What needs to be done: Below is a listing to transcribe in full and exactly; keep the pictures out.

Collected data:
- - - - -

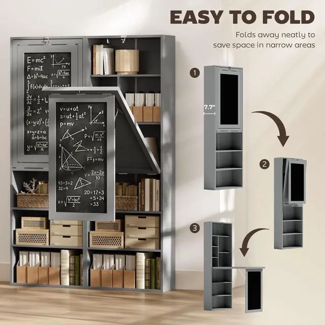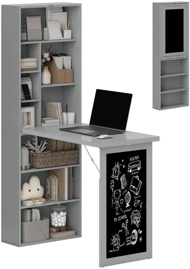 Make the most of your existing space with this Aosom folding computer desk with storage shelves. This fold-down study table comes with a modern 2-in-1 design and works as a working desk and storage shelf. This computer desk comes with a blackboard for a quick note! Our fold table desk is a stable and smart choice for your home office or study.
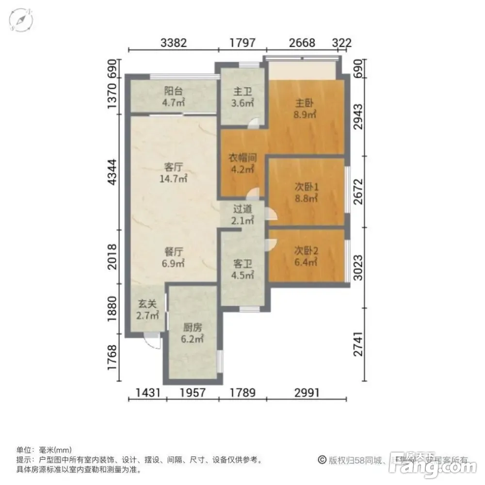 户型齐全,主打明卫,明厨,主卧朝南三居
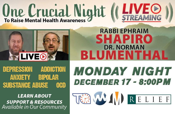 This coming Monday evening, December 17th, at 8:00 PM, the Baltimore community will host an event of critical importance to the Orthodox Jewish Community. The goal is to raise awareness of mental health issues in our community and to provide detailed information as to how one can seek professional assistance for those in need. The title of the event is: One Crucial Night to Raise Mental Health Awareness. It will be held at Bnai Jacob Shaarei Zion synagogue in Baltimore. The program will stream LIVE on TorahAnytime.com, TheYeshivaWorld.com and Matzav.com. The event was planned by Mrs. Suzann Lasson MOTR/L, an occupational therapist with a specialty in behavioral health at Levindale Hebrew Geriatric hospital with 15 years’ experience in facilitating group psycho-social therapy groups and individual therapy. Her co-organizers included Rabbi Yisrael Slansky, Director of Baltimore’s RELIEF Resources Services, and Eric Reitberger, president of Bikur Cholim of Baltimore.

- - - - -

The answer:
 Make the most of your existing space with this Aosom folding computer desk with storage shelves. This fold-down study table comes with a modern 2-in-1 design and works as a working desk and storage shelf. This computer desk comes with a blackboard for a quick note! Our fold table desk is a stable and smart choice for your home office or study.
 户型齐全,主打明卫,明厨,主卧朝南三居
 This coming Monday evening, December 17th, at 8:00 PM, the Baltimore community will host an event of critical importance to the Orthodox Jewish Community. The goal is to raise awareness of mental health issues in our community and to provide detailed information as to how one can seek professional assistance for those in need. The title of the event is: One Crucial Night to Raise Mental Health Awareness. It will be held at Bnai Jacob Shaarei Zion synagogue in Baltimore. The program will stream LIVE on TorahAnytime.com, TheYeshivaWorld.com and Matzav.com. The event was planned by Mrs. Suzann Lasson MOTR/L, an occupational therapist with a specialty in behavioral health at Levindale Hebrew Geriatric hospital with 15 years’ experience in facilitating group psycho-social therapy groups and individual therapy. Her co-organizers included Rabbi Yisrael Slansky, Director of Baltimore’s RELIEF Resources Services, and Eric Reitberger, president of Bikur Cholim of Baltimore.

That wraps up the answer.